### What the task asks:
Every record below must be written out exactly. Leave out the pictures.

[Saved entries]
□ □ □ □ □
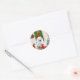 Spitz Dog Christmas sitting outside decorated home with Christmas wreath, Christmas tree is a perfect Christmas gift idea for dog lovers.
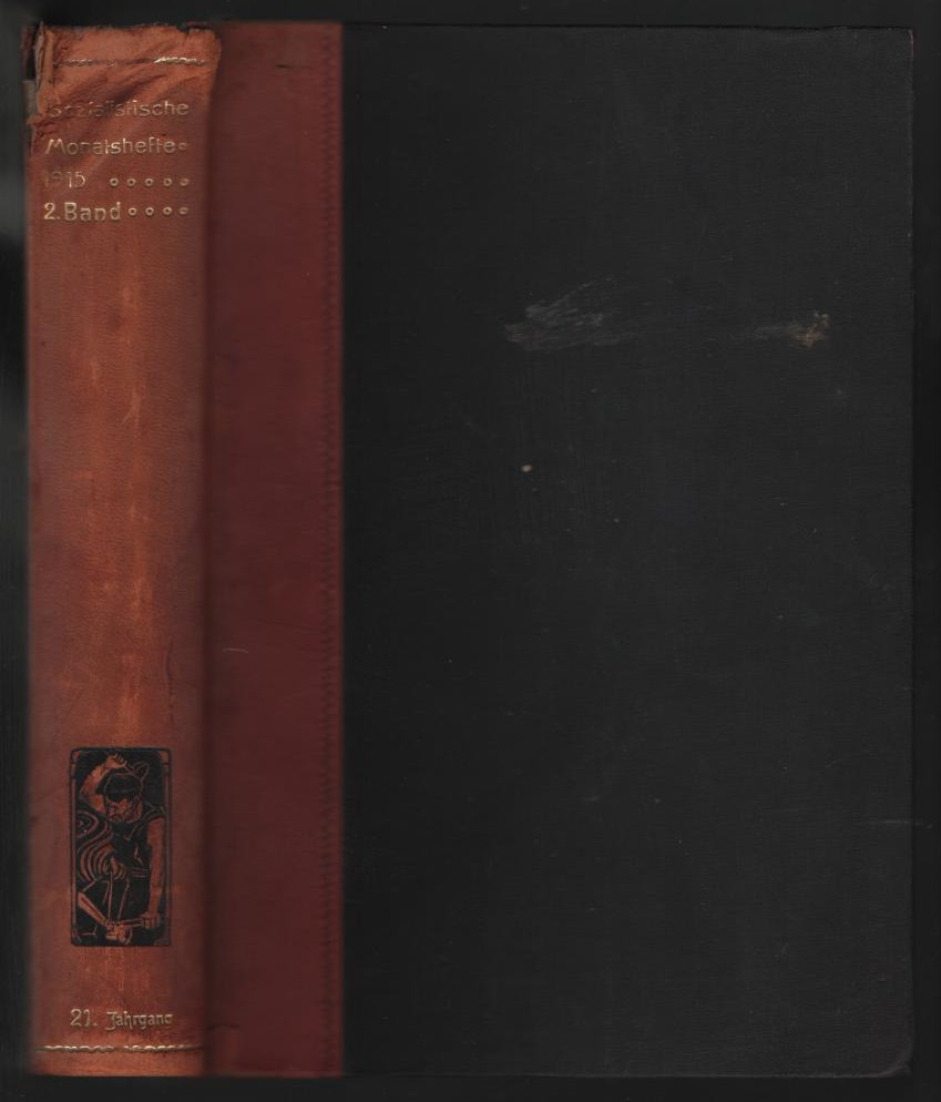 Berlin: Verlag der Sozialistischen Monatshefte 1915. Polokožená vazba se zlaceným titulem na hřbetu a barevnou ořízkou a předsádkou, XVI stran + strany 522-950 s barevnou mapou, 4° (16,5 x 24 cm)
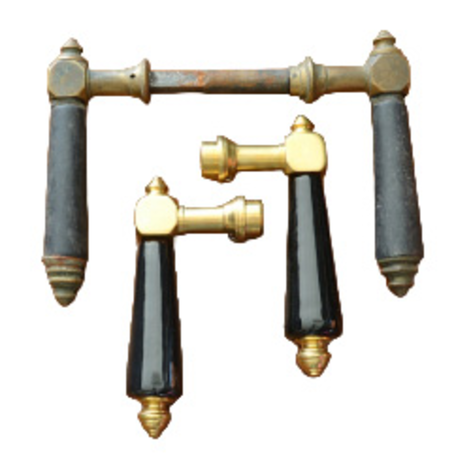 Der Nachguss dieser Türklinken ermöglicht, anders als beim historischen Original den Einsatz mit verschiedenen Handhaben aus Keramik, Holz oder Horn.
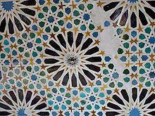 Hexadecagrams (16-sided star polygons) are included in the Girih patterns in the Alhambra.[7]
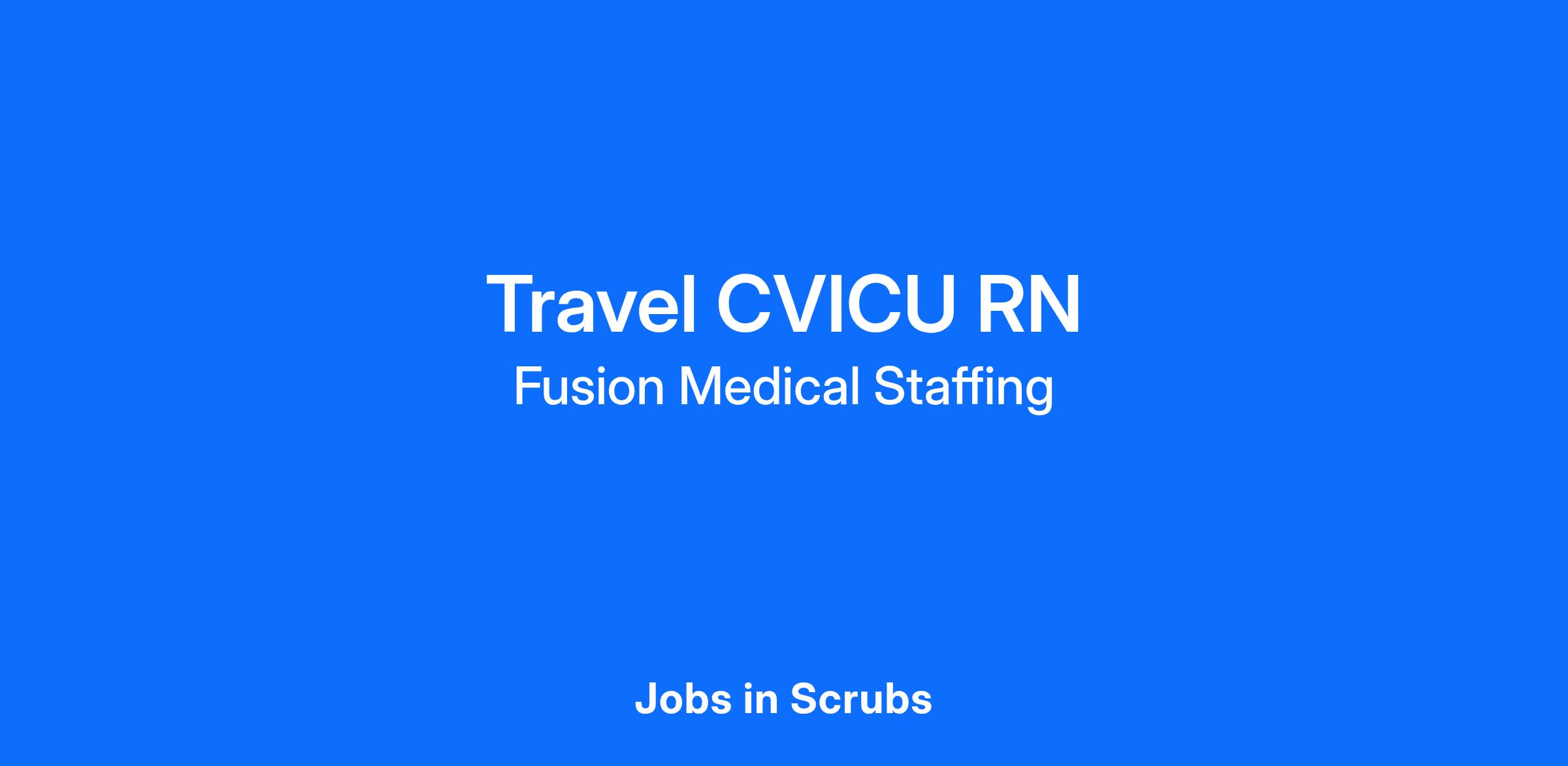 Start your rewarding career as a Travel CVICU RN with Fusion Medical Staffing and join our mission to improve lives. Apply now!
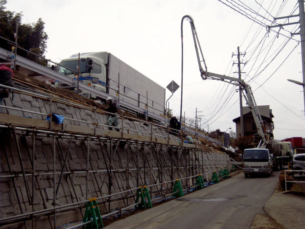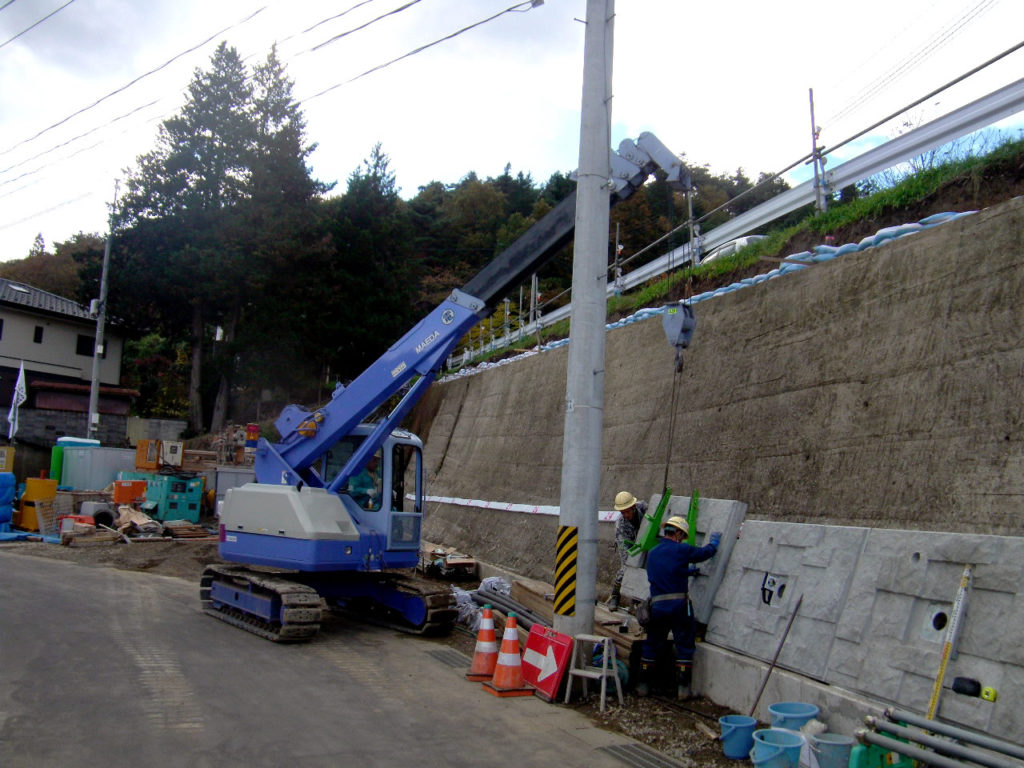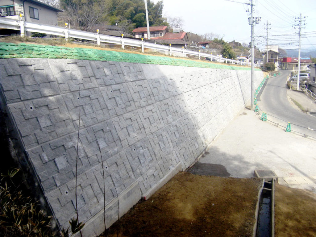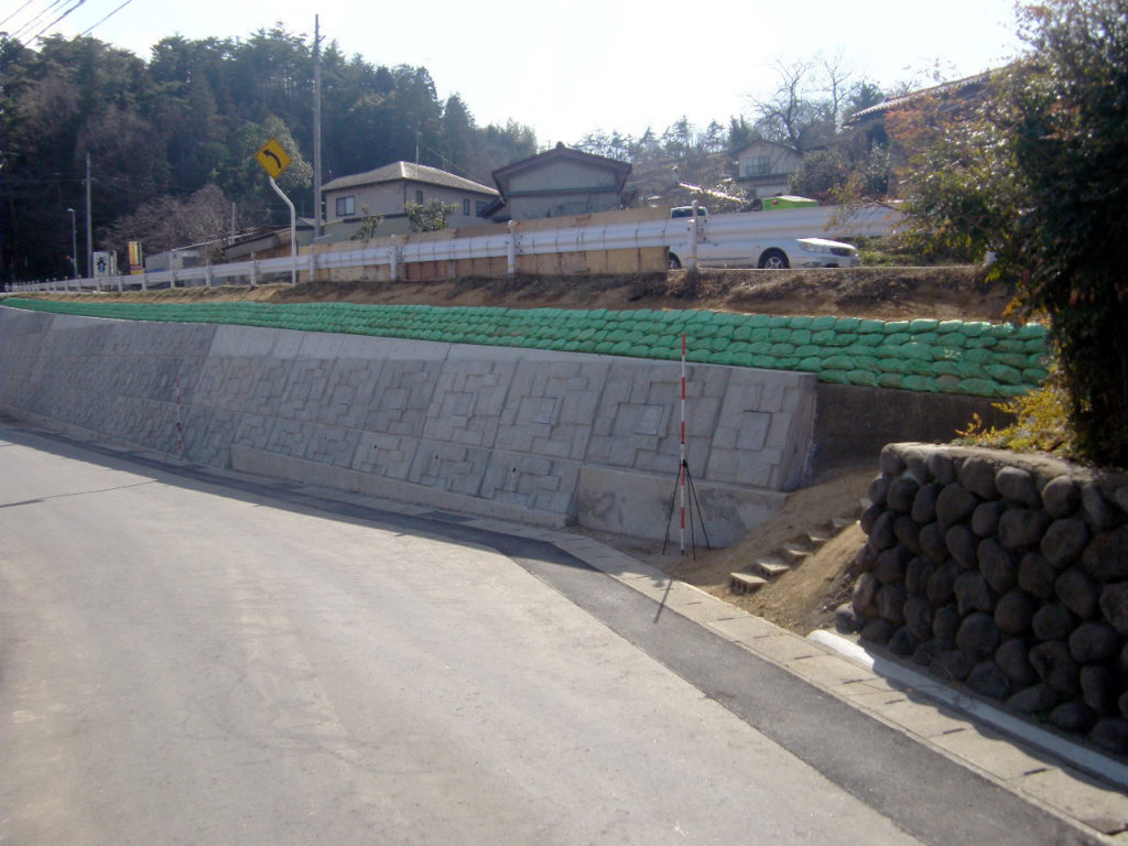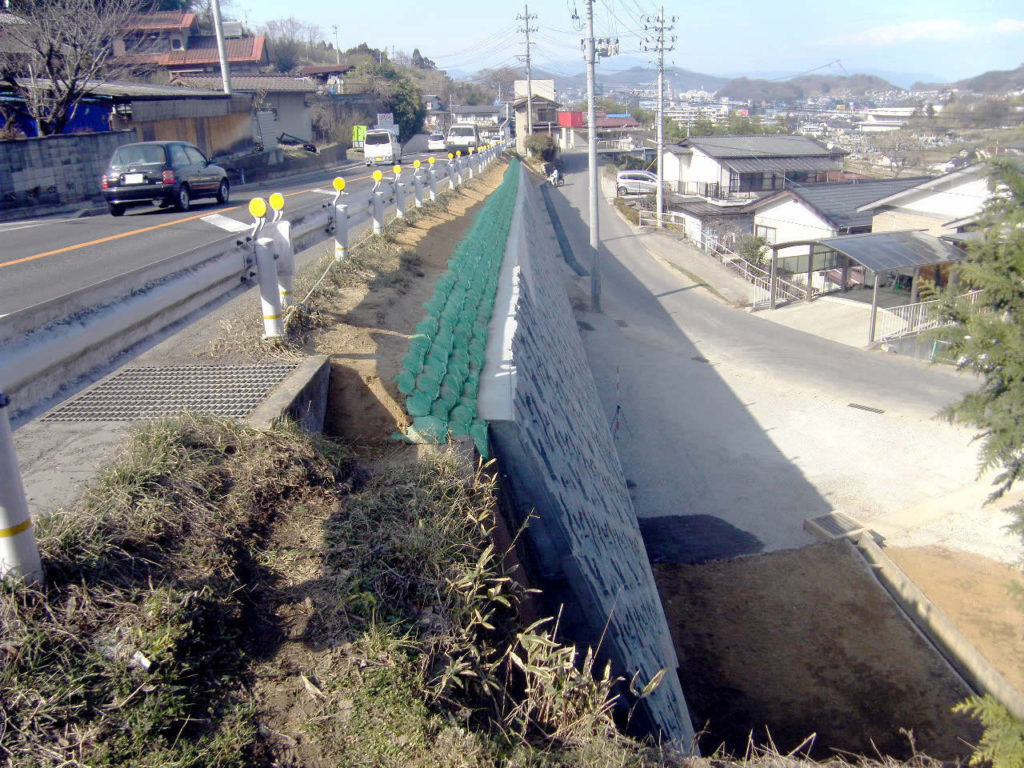 | 主な工種 | 補強土壁工 壁面排水材設置工 119m 目地バックアップ 351m 定着・頭部処理工 111箇所 背面充填コンクリート 76m³ 補強土壁工 天端工 68m 植生土のう積工 27m² 現場内コンクリート 1式 U型側溝撤去再設置工 33m |
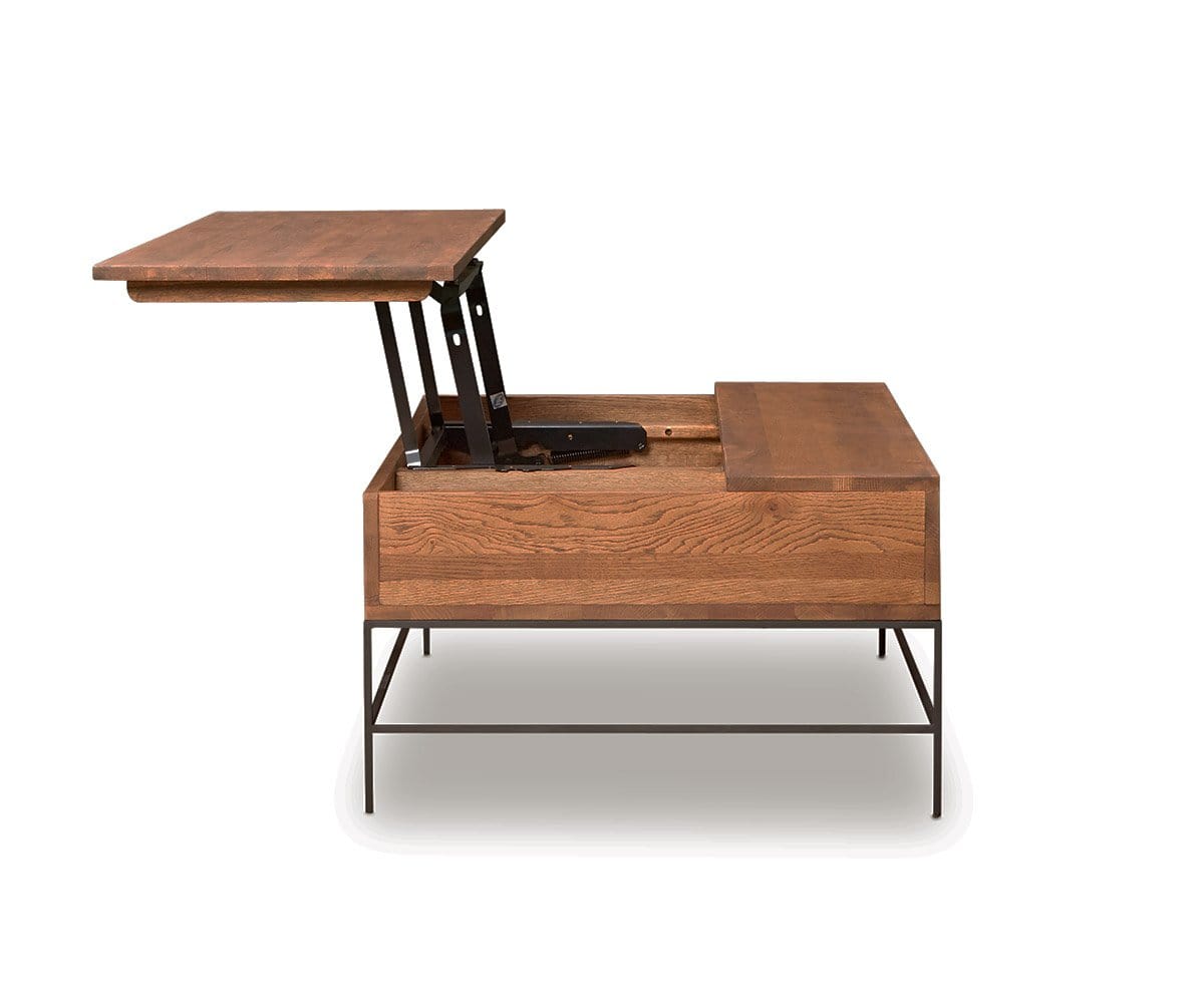 The Leende lift top storage coffee table allows you to clear clutter and hide away items such as remotes, magazine, games and blankets in refined rustic industrial style. This distinctive piece serves a dual purpose by becoming a raised table/desk surface at the lift of a finger. The main compartment features solid European oak and is supported on a sturdy steel base and legs.
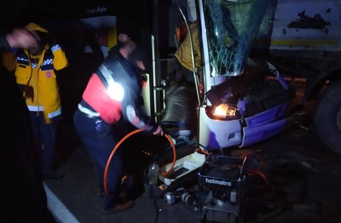 Sivas'ta sürücülerinin kimliği henüz belirlenemeyen Sivas Hedef Turizm'e ait 58 ABB 534 plakalı yolcu otobüsü ile 42 AIJ 315 ve 34 CGG 457 TIR'lar, Sivas-Kayseri kara yolu Maksutlu köyü mevkisinde çarpıştı.
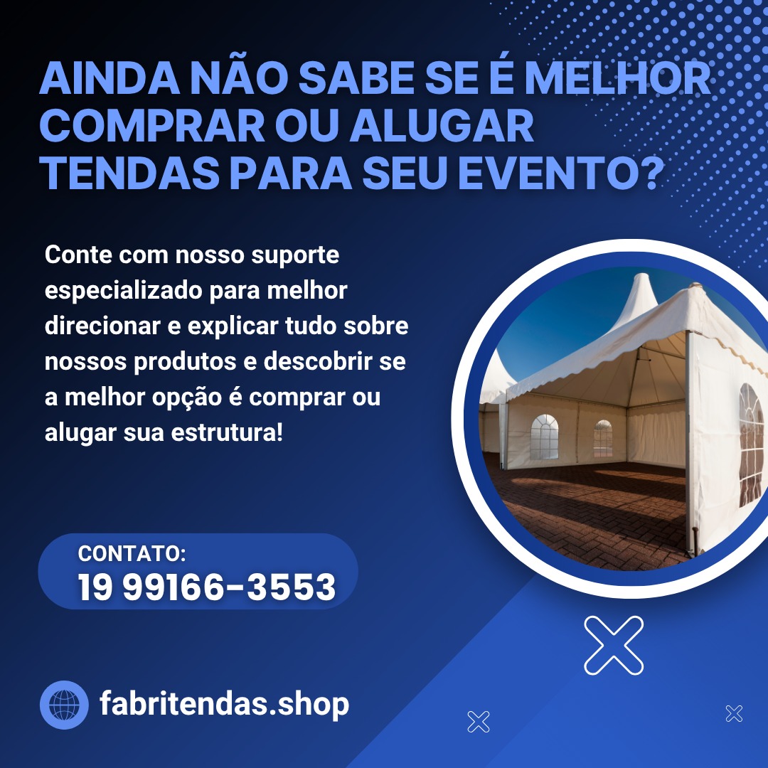 Venda e locação de tendas para festas, casamentos, eventos corporativos, feiras, shows, cerimônias ao ar livre e muito mais.
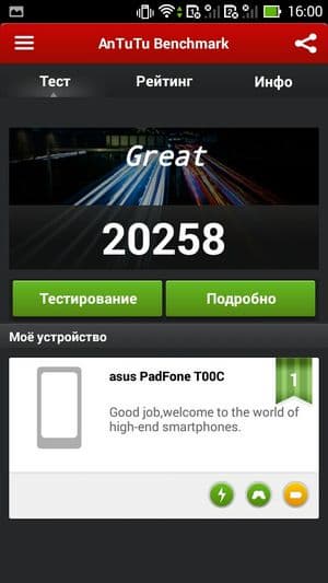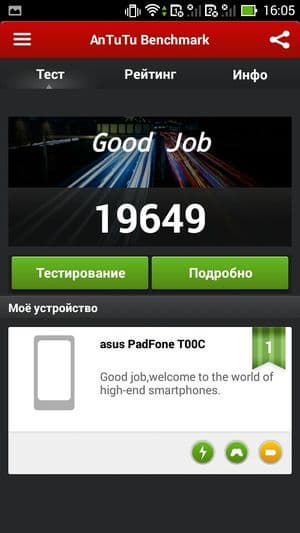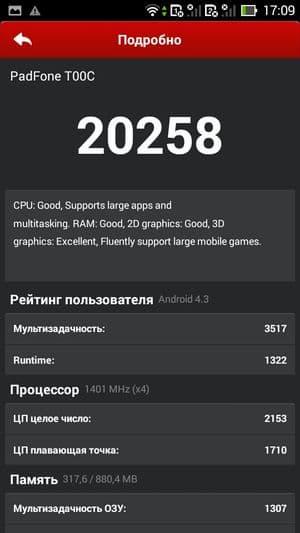 В целом, по результатам всех тестов смартфон Asus Padfone mini 4.3 можно смело отнести к разряду аппаратов со средней (даже чуть выше среднего) производительностью. На данный момент аппаратной производительности данного смартфона должно хватать для работы практически любых игр и приложений из Google Play Store.
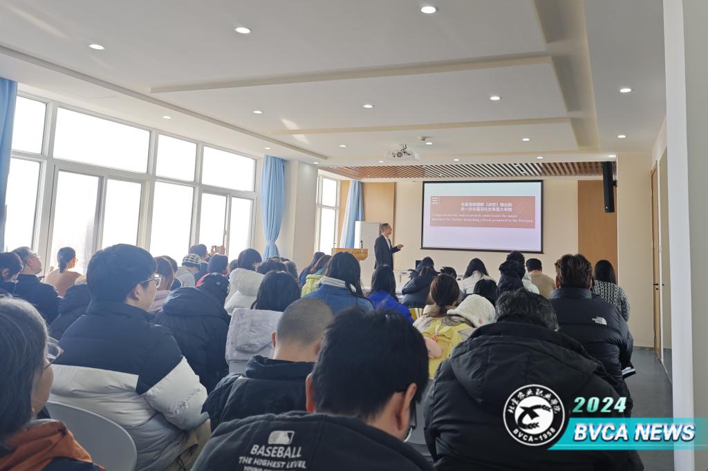 张德强以“深入学习贯彻党的二十届三中全会精神,持续推动beat365院高质量发展”为主题,从四个方面与老师和同学们进行交流。一是深刻认识党的二十届三中全会的主题和意义。二是进一步深刻认识全面深化改革的指导思想、总目标和原则。三是全面准确理解《决定》提出的进一步全面深化改革的重大举措。四是严格贯彻落实全会精神的基本要求,奋力书写中国式现代化的北京beat365新篇章。
□ □ □ □ □
### Task solution:
 Spitz Dog Christmas sitting outside decorated home with Christmas wreath, Christmas tree is a perfect Christmas gift idea for dog lovers.
 Berlin: Verlag der Sozialistischen Monatshefte 1915. Polokožená vazba se zlaceným titulem na hřbetu a barevnou ořízkou a předsádkou, XVI stran + strany 522-950 s barevnou mapou, 4° (16,5 x 24 cm)
 Der Nachguss dieser Türklinken ermöglicht, anders als beim historischen Original den Einsatz mit verschiedenen Handhaben aus Keramik, Holz oder Horn.
 Hexadecagrams (16-sided star polygons) are included in the Girih patterns in the Alhambra.[7]
 Start your rewarding career as a Travel CVICU RN with Fusion Medical Staffing and join our mission to improve lives. Apply now!
 | 主な工種 | 補強土壁工 壁面排水材設置工 119m 目地バックアップ 351m 定着・頭部処理工 111箇所 背面充填コンクリート 76m³ 補強土壁工 天端工 68m 植生土のう積工 27m² 現場内コンクリート 1式 U型側溝撤去再設置工 33m |
 The Leende lift top storage coffee table allows you to clear clutter and hide away items such as remotes, magazine, games and blankets in refined rustic industrial style. This distinctive piece serves a dual purpose by becoming a raised table/desk surface at the lift of a finger. The main compartment features solid European oak and is supported on a sturdy steel base and legs.
 Sivas'ta sürücülerinin kimliği henüz belirlenemeyen Sivas Hedef Turizm'e ait 58 ABB 534 plakalı yolcu otobüsü ile 42 AIJ 315 ve 34 CGG 457 TIR'lar, Sivas-Kayseri kara yolu Maksutlu köyü mevkisinde çarpıştı.
 Venda e locação de tendas para festas, casamentos, eventos corporativos, feiras, shows, cerimônias ao ar livre e muito mais.
 В целом, по результатам всех тестов смартфон Asus Padfone mini 4.3 можно смело отнести к разряду аппаратов со средней (даже чуть выше среднего) производительностью. На данный момент аппаратной производительности данного смартфона должно хватать для работы практически любых игр и приложений из Google Play Store.
 张德强以“深入学习贯彻党的二十届三中全会精神,持续推动beat365院高质量发展”为主题,从四个方面与老师和同学们进行交流。一是深刻认识党的二十届三中全会的主题和意义。二是进一步深刻认识全面深化改革的指导思想、总目标和原则。三是全面准确理解《决定》提出的进一步全面深化改革的重大举措。四是严格贯彻落实全会精神的基本要求,奋力书写中国式现代化的北京beat365新篇章。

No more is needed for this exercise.